She drives reasonably well, and the vibration I can feel at idle seems to disappear when she is out on the road, in-gear. To be honest, I cannot take her far yet, as I'm waiting for the documents to come through (subject to a separate discussion elsewhere on the forum). Overall, the engine is clean, pulls well, and starts/stops as it should. So the car lives.....
A chirp from the ancilliary drivebelt brought me back down to earth - I thought it might be a bit of wax that had got into the pulley grooves or back of the tensioner/idler pulleys. No such luck! That blinking TV-damper runout has come back to bite..... As far as I can tell by LED worklight and eye, whilst the engine is running, my original prognosis of TV-damper misassembly leading to runout is still true; the centre hub of the unit is fine (i.e. the crank is fine) but the outer mass is running-out like fury.
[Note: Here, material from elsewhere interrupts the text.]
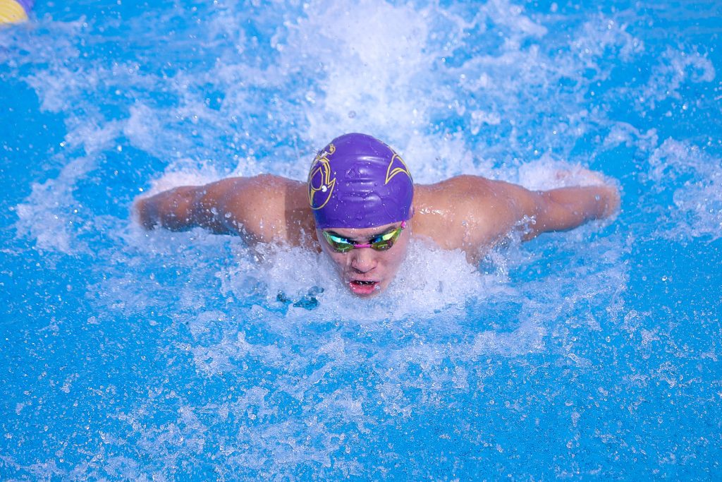 I went into the swim meet knowing I wanted to capture a shot like this where the swimmer was centered and the individual water droplets were captured. The lighting outside was fairly bright, so I was able to turn the ISO down by a lot compared to indoor sports, and because the water droplets moved slower than I expected, I could also turn the shutter speed down.

It's not just "awkward", it's actually pretty f***ing bad......and the adjacent tensioner pulley just after the crankshaft is having to cope with a cyclic lateral switch in belt-run.
I'm going to measure the system again tomorrow (if I have time) just to be absolutely sure, but the plan right now is to order a better TV-damper kit (damper + washer + bolt) from Germany, and then send this one back with a grenade attached. I'm not in the business of moaning for the sake of it, but this unit was wrong from the word go, and it has caused me so much grief already, I'm not about to let it wreck all my work at this stage. It might have been cheap, but it's c***, and I wouldn't accept this in my day-job. I'm just glad that I have a reasonable idea of what I'm going to find tomorrow morning, and that the crank is not the cause, otherwise I'd be hitting the bottle right now!
The current system is fine to run around the place and keep the car moving, and I think (based on my recent experience) that I can swap the TV-dampers without upsetting the timing too badly - I'll probably overcheck the dynamic pump timing afterwards.